Langer Weg zu Schulen

Beim ersten Mal zum Beispiel kam der erlaufene Betrag drei Patenkindern zugute, die bis zum Schulabschluss gefördert wurden. Dazu muss man wissen, dass die Schulen in Nepal in der Regel in den weit entfernten Dörfern angesiedelt sind. Will ein Kind über die Grundschule hinaus Bildung erlangen, muss es in die Städte ziehen. Das bedeutet, dass die Kinder ihre Familien verlassen müssen. „Ein Marsch von Kathmandu zum Beispiel in ein Dorf, in dem eines unserer Patenkinder aufgewachsen ist, dauert schon mal drei Tage“, erzählt Deschler.

Mehrere Patenkinder

Die Spendengelder des zweiten Laufs gingen an die Einrichtung eines neuen Schulgebäudes. Das hatten die Schüler/innen des St. Meinrad so entschieden. Mit dem 3. Lauf konnten sie ihrem Patenkind Kunga den Besuch an der Kailash-Bodhi-School ermöglichen. Im Moment haben sie ein weiteres Patenkind namens Depisa, das sie mit den Spendengeldern des letzten Laufs unterstützen können.
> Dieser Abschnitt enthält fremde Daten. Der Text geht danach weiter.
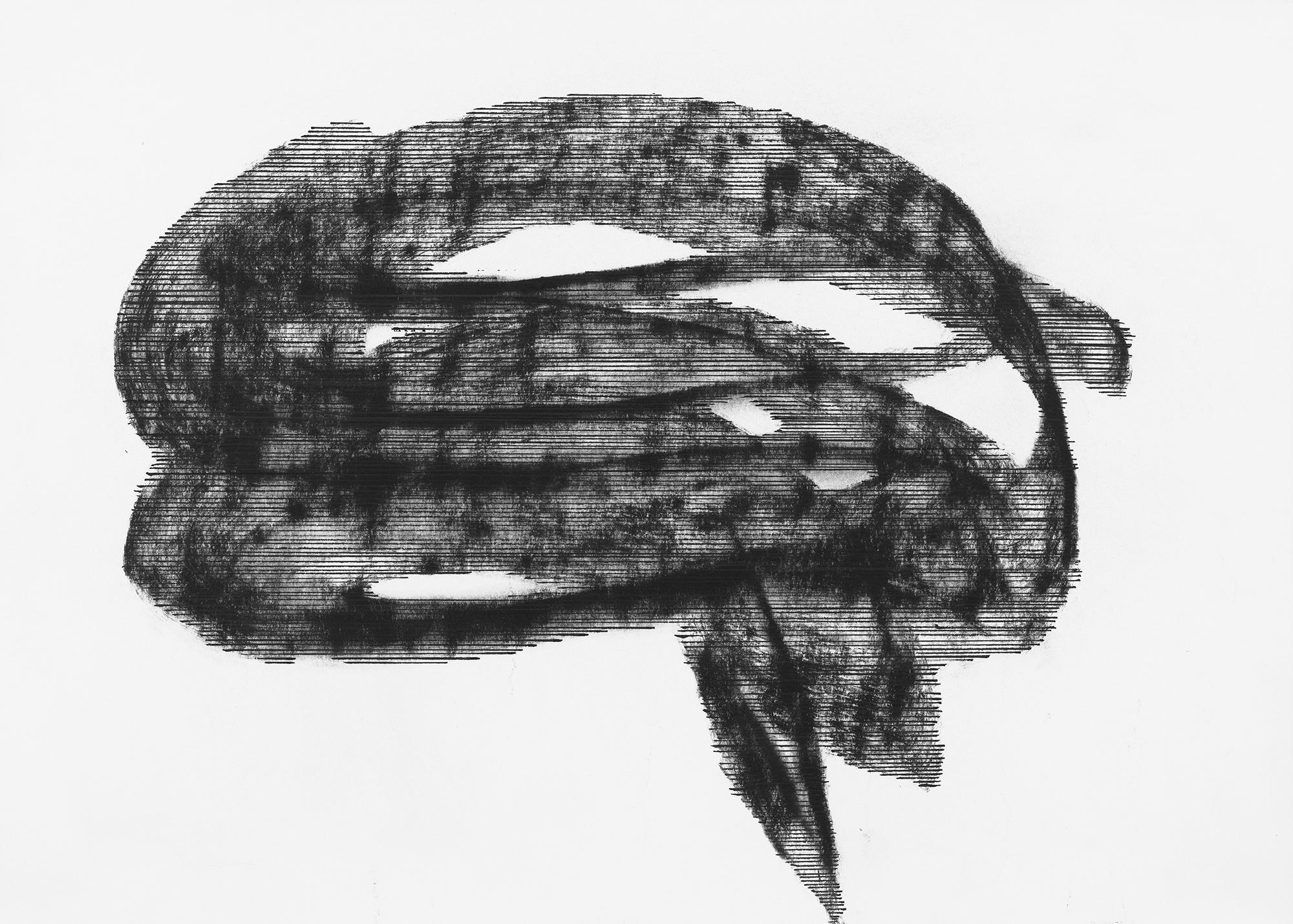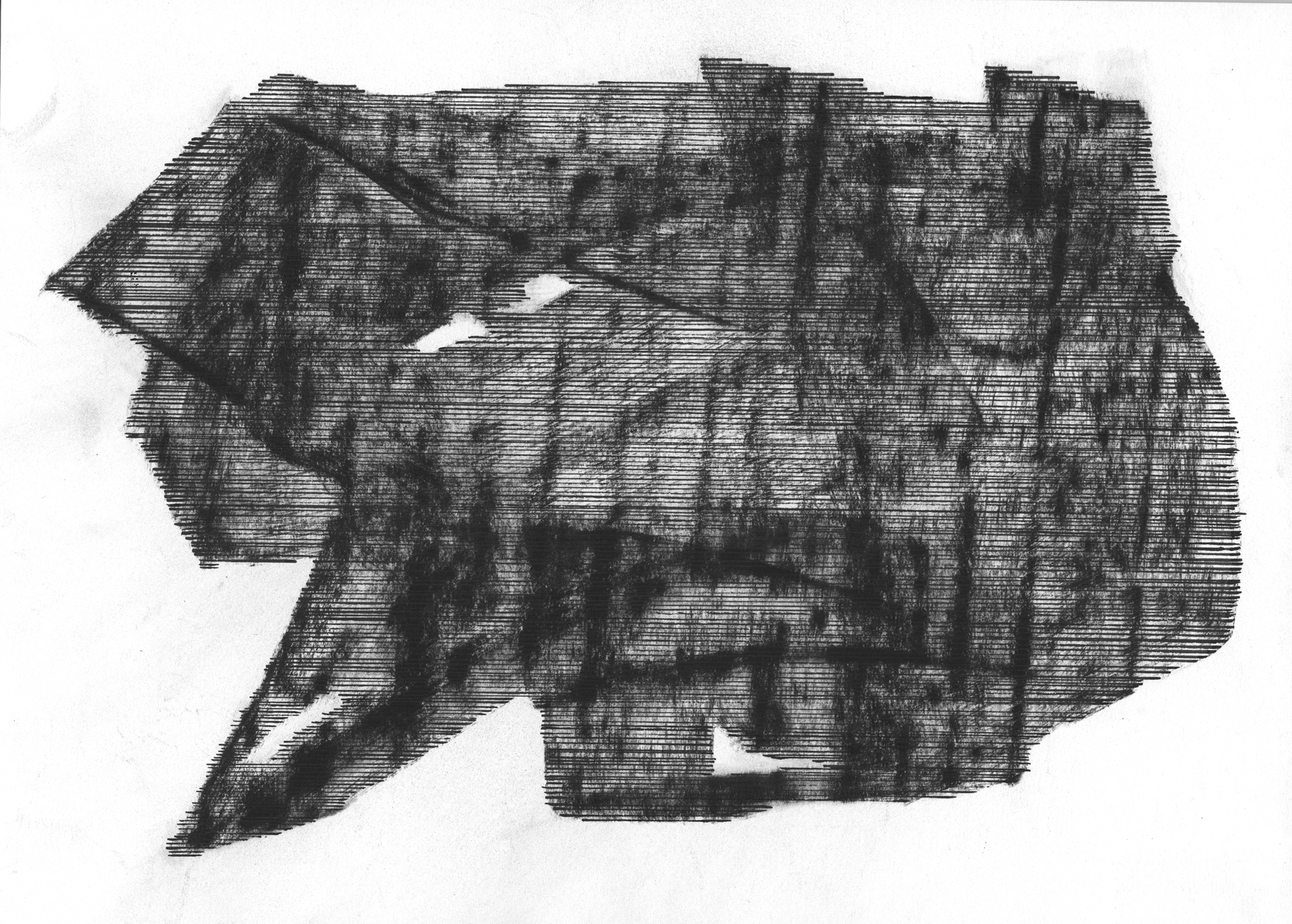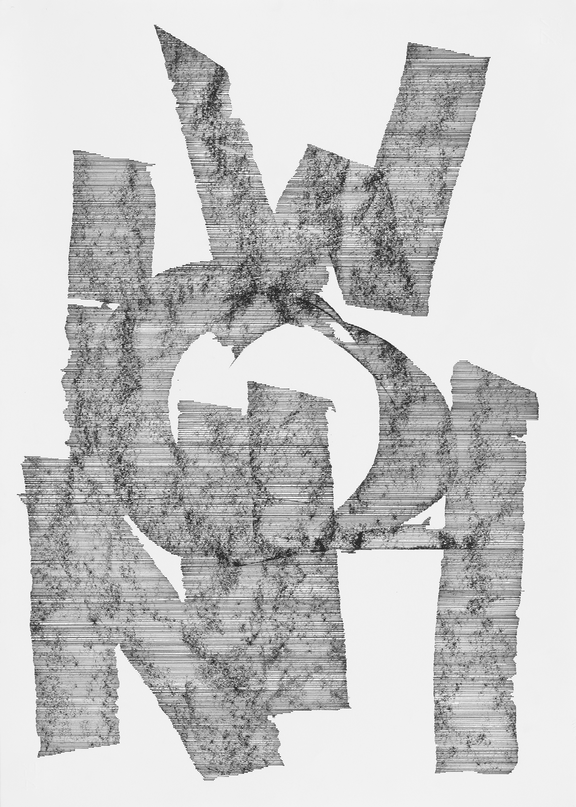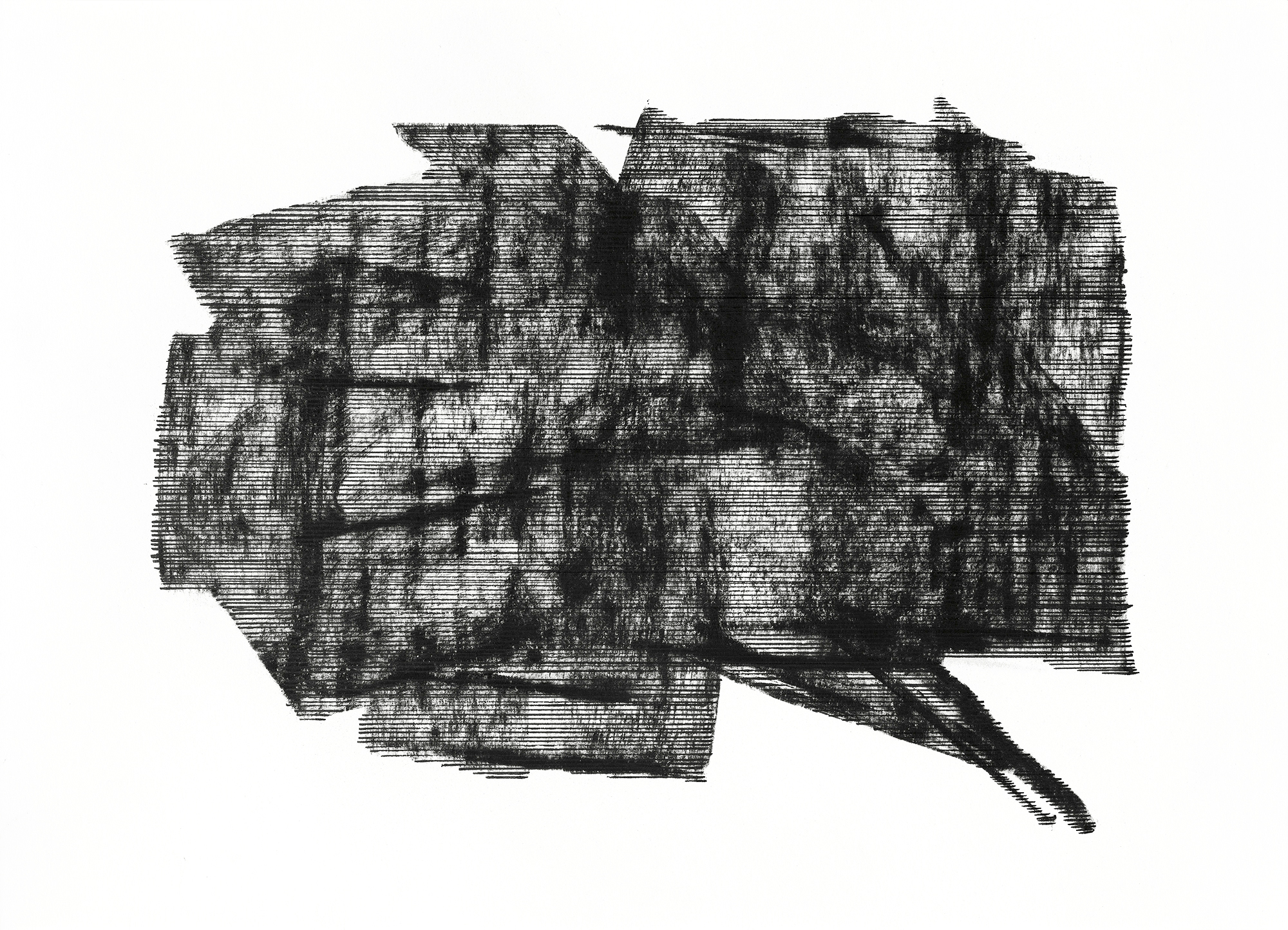 Kohle und darüber Tuschelinien auf Papier, 50 × 70 cm, 100 × 70 cm und diverse Formate

Immerhin: Ursprünglich dachte man, dass 2006/07 eine einmalige Aktion bleiben würde. Und mittlerweile wurden über die Jahre bereits um die 20 000 Euro in das Projekt gesteckt, wie Deschler vorrechnet. Auch Spenden aus anderen Aktionen am SMG flossen in das Nepal-Projekt.

Gründung in Indien

Die Kailash-Bodhi-School wurde ursprünglich in Indien gegründet, vom buddhistischen Mönch Lama Göndup. Das war 1988. Wegen fehlender Genehmigungen zog sie nach Nepal um, nur dort durften die Schüler einen Highschool-Abschluss machen. Das war 1993. In der Ganztagesschule in Bodnath (bei Kathmandu) erhalten Schülerinnen und Schüler täglich drei einfache Mahlzeiten, was für die Ärmsten unter ihnen bedeutet, wenigstens an Schultagen satt zu werden. Es ist eine Privatschule, die auch die Kinder wohlhabender Nepalesen besuchen. Das besondere ist aber, dass sie bewusst auch viele Schüler aus ärmsten Schichten aufnimmt, nicht zuletzt aus den die Schule umgebenden Slums.

Kontakt nach

Kirchentellinsfurt

Den Kontakt zur Schule stellte Bärbel Reinschmidt, Lehrerin aus Kirchentellinsfurt, damals her, als sie die Patenschaft für ein Kind übernahm. 1996 wurde der Verein „Patendörfer“ in Kirchentellinsfurt gegründet, inzwischen hat er 119 Mitglieder. Es gab sogar insofern einen Austausch, dass ein Patenkind von Vereinsmitglied Barbara Krahl bei ihr zu Besuch war. Es wurde bis zum Ende des Studiums vom Verein begleitet. Dank des Medizinstudiums konnte das ehemalige Patenkind danach das eigene Dorf ärztlich unterstützen – keine Selbstverständlichkeit in dem Land.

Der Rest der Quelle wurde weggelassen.